Schmuck

LUXUS AUS WIEN

BE JEWELED - DAS „FENG SHUI“ DES SCHMUCK STYLING

ANDERS ALS KLEIDUNG, die üblicherweise auch einen praktischen Zweck erfüllen soll, dient Schmuck allein dazu, uns zu verschönern. Schon Johann Wolfgang von Goethe wusste: „Ein leuchtend Farb- und Glanzgestein erhöht die Schönheit wie die Majestät. Doch damit das edle Geschmeide im Wechselspiel mit seiner Trägerin seine ganze Pracht offenbaren und auch ihre Persönlichkeit bestmöglich unterstreichen kann, muss es mit ihr harmonieren. Der Begriff Harmonie stammt aus dem Griechischen und bedeutet so viel wie Ebenmaß, also eine ästhetische Symbiose aus Farben und Formen. Das gilt auch beim Schmuckstyling, bei dem das Geschmeide einerseits zum Hautton und andererseits zu den körperlichen Proportionen der Trägerin passen sollte.

IN DER FARBTYPENLEHRE GILT: Zu Menschen mit kühlem Hautunterton passen kühle Farbsteinnuancen wie Platin, Silber- oder Weißgoldschmuck besser, während zu einem warmen Teint warme Farbsteintöne, wie Rot- oder Gelbgold ideal sind. Bei Roségold ist es vom individuellen Farbton abhängig, an welchem Farbtyp es stimmig aussieht – und es gibt einige Farbtypen, denen sowohl Gelbgoldnuancen, als auch Silber passen. Diese Regeln gelten vor allem wenn der Schmuck direkt auf der Haut getragen wird oder sehr opulent ist. Sind Make-up und Kleidung dominant, dürfen sie gebrochen werden. Besonders hübsch wirken Farbsteine wenn sie mit der Augenfarbe der Trägerin farblich korrespondieren. Der Glaubenssatz dass Gold und Silber nicht miteinander gemixt werden dürfen, ist heutzutage auch kein Dogma mehr. Allerdings sollten die einzelnen Schmuckstücke stilistisch zusammenpassen. Damit ist nicht unbedingt gemeint, dass alle Teile derselben Serie angehören, sondern es geht schlichtweg darum eine stilistische Harmonie innerhalb des dekorativen Ensembles zu schaffen.

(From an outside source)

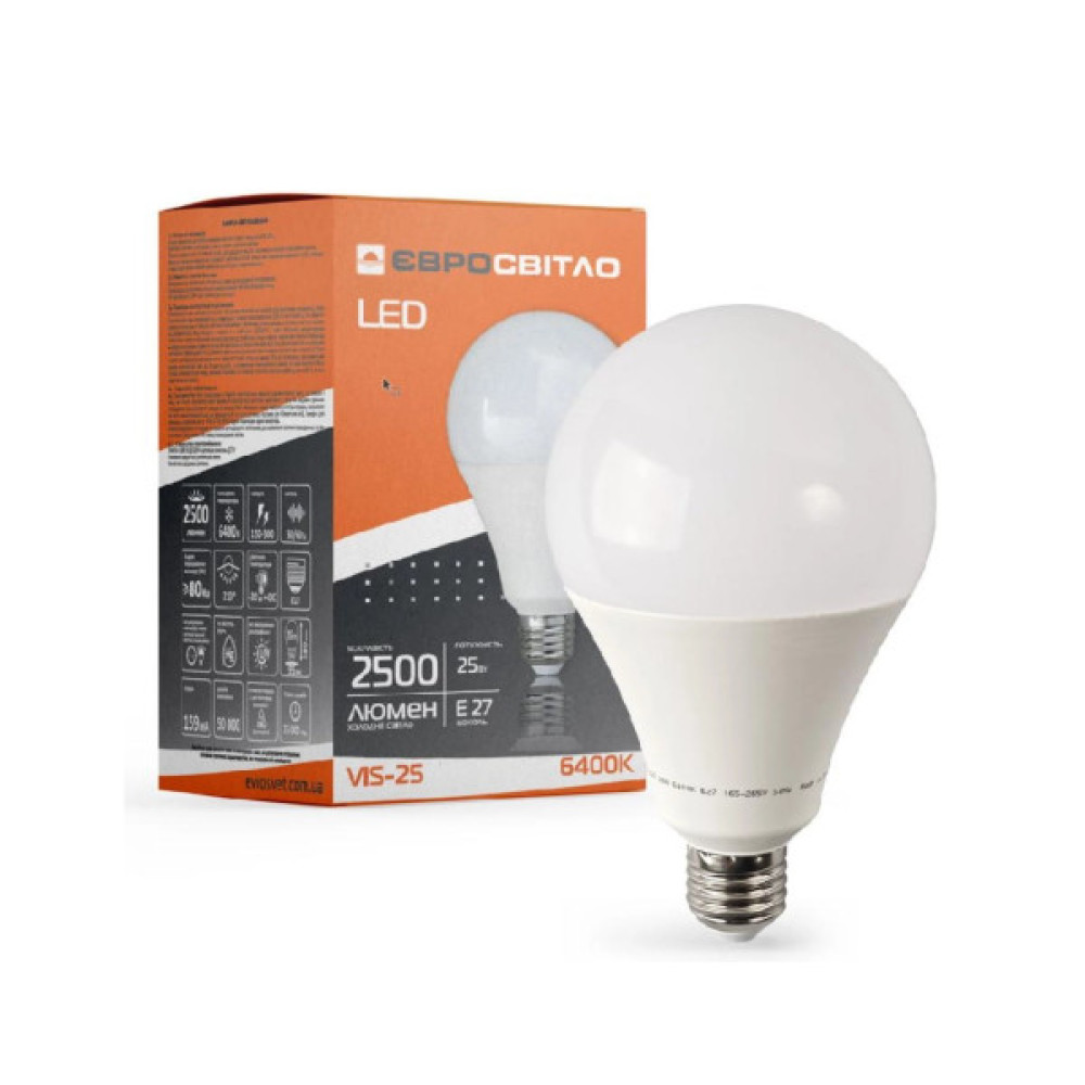 Лампа світлодіодна високопотужна Євросвітло 25Вт 6400К (VIS-25-E27) підходить для місць, де важливо яскраве освітлення, що не спотворює колір.

STILIKONE COCO Chanel war berühmt ob ihres Faibles für Perlen. Mademoiselle trug sie am liebsten üppig in mehreren langen Reihen - unter anderem deshalb, da sie der Überzeugung war, dass Perlen den Teint des Gesichts durch ihren hellen Lüster ganz besonders zauberhaft erstrahlen lassen. Unnötig zu bemerken, dass dies zwar stimmt, allerdings eine gewisse Anzahl und Größe der Perlenketten benötigt werden um diesen Effekt zu erzielen. Die richtige Farbwahl der Perlen in Abstimmung mit dem Teint ist eine weitere Voraussetzung dafür, dieses bezaubernde Zusammenspiel zu bewirken Zuchtperlen sind wahre Verwandlungskünstler und harmonieren mit einer breiten Palette von Teint-Schattierungen. Besonders schön wirken sie jedoch, wenn sie einen gewissen Kontrast zur Haut- oder Kleiderfarbe bilden wie schwarze Tahiti-Zuchtperlen auf elfenbeinfarbigem Teint oder strahlend weiße Südsee-Zuchtperlen zu einem klassischen „kleinen Schwarzen“.

NICHT NUR FARBE, AUCH GRÖSSE, PROPORTIONEN und Form des Schmucks sollten mit der Trägerin harmonieren. Durch raffiniertes Schmuckstyling werden sowohl Persönlichkeit als auch körperliche Merkmale perfekt präsentiert, wodurch die Pretiosen dann besonders gut zur Geltung kommen. Einerseits gibt es hierfür einfache Parameter, die beachtet werden sollten, andererseits auch viele Soft Skills, wie Naturell, Stilvorlieben und körperliche Details, die ebenso starken Einfluss nehmen. So passen beispielsweise einer sehr zierlichen Frau mit feinen Gesichtszügen zarte Schmuckstücke hervorragend, aber auch XXL Schmuck ist bei einer entsprechend extrovertierten Ausstrahlung apart. Besitzt sie allerdings eine, zwar ebenfalls zierliche, aber sehr große Nase, wirkt der prägnanter Schmuck, wenn er auch größere dekorative Details aufweist, besser als sehr feingliedrige Modelle, da sich, wie auch im Gesicht, verschiedene Proportionen darin spiegeln. Generell gilt aber: Gleiches zu gleichem, also zierlicher Schmuck bei grazilen Frauen, dekorativer, großer Schmuck bei kräftigen Damen. Zu weiblichen Rundungen passen organische Formen, androgyne Typen steht kantiges und akzentuiertes Design sehr gut.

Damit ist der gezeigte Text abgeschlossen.